Exercise brief: Write down the listing again exactly as it appears below, without its pictures.

Supplied data:
——
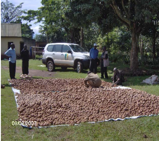
Plate (2) Irish Potato Field

For food security, sixteen thousand (16,000) mixed fruit seedlings (mangoes, jackfruits, passion fruits and avocado) were procured & supplied to the farmers to establish an orchard. In addition twenty five (25) bags (2 tones – 2,000 kgs) of improved Irish potato seeds were purchased and distributed to the farmers groups. The community was able to plant the seeds and harvested 55 bags (4,400 kgs – 4.4 tones). Thirty eight (38 bags – 3,000 kg – 3 tones) were sold at the cost of Ugx 15,000 (US$ 7.5) per bag, earning the community a total of Ugx 2,250,000 (US$ 1,125). Eighteen bags (18 bags – 1,400 kgs – 1.4 tones) were distributed to 50 families for food and seeds. In 2008 the community planted Thirty bags (30 bags – 2,400 kgs – 2.4 tones) but due to unfavorable weather, only 38 bags (3,000 kgs – 3 tones) were harvested. They sold 32 bags (2,600 kgs – 2.6 tones) earning the community Ugx 1,950,000 (US$ 975). Five bags (5 bags – 400 kgs) were eaten.
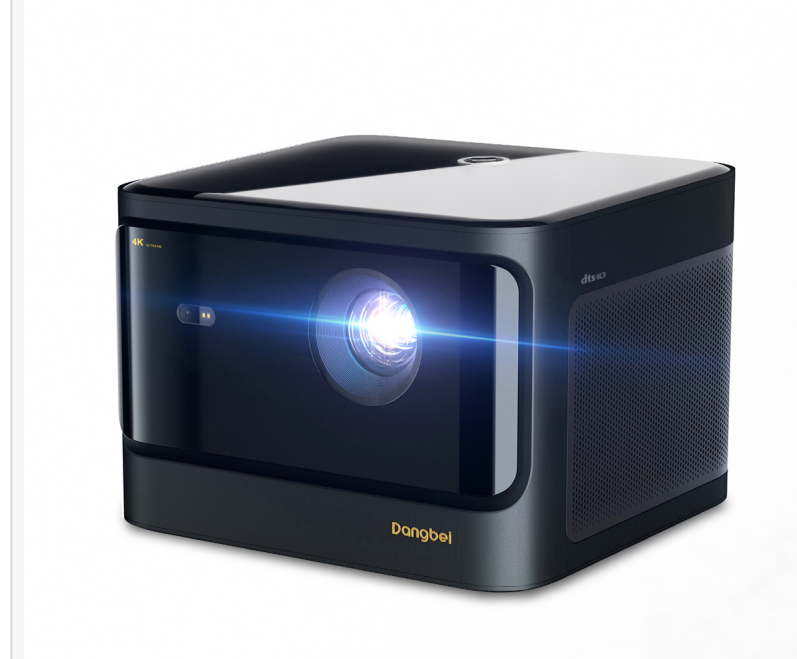
Dangbei alunching Mars Pro 4k Projector
——
Task solution:
Plate (2) Irish Potato Field

For food security, sixteen thousand (16,000) mixed fruit seedlings (mangoes, jackfruits, passion fruits and avocado) were procured & supplied to the farmers to establish an orchard. In addition twenty five (25) bags (2 tones – 2,000 kgs) of improved Irish potato seeds were purchased and distributed to the farmers groups. The community was able to plant the seeds and harvested 55 bags (4,400 kgs – 4.4 tones). Thirty eight (38 bags – 3,000 kg – 3 tones) were sold at the cost of Ugx 15,000 (US$ 7.5) per bag, earning the community a total of Ugx 2,250,000 (US$ 1,125). Eighteen bags (18 bags – 1,400 kgs – 1.4 tones) were distributed to 50 families for food and seeds. In 2008 the community planted Thirty bags (30 bags – 2,400 kgs – 2.4 tones) but due to unfavorable weather, only 38 bags (3,000 kgs – 3 tones) were harvested. They sold 32 bags (2,600 kgs – 2.6 tones) earning the community Ugx 1,950,000 (US$ 975). Five bags (5 bags – 400 kgs) were eaten.
Dangbei alunching Mars Pro 4k Projector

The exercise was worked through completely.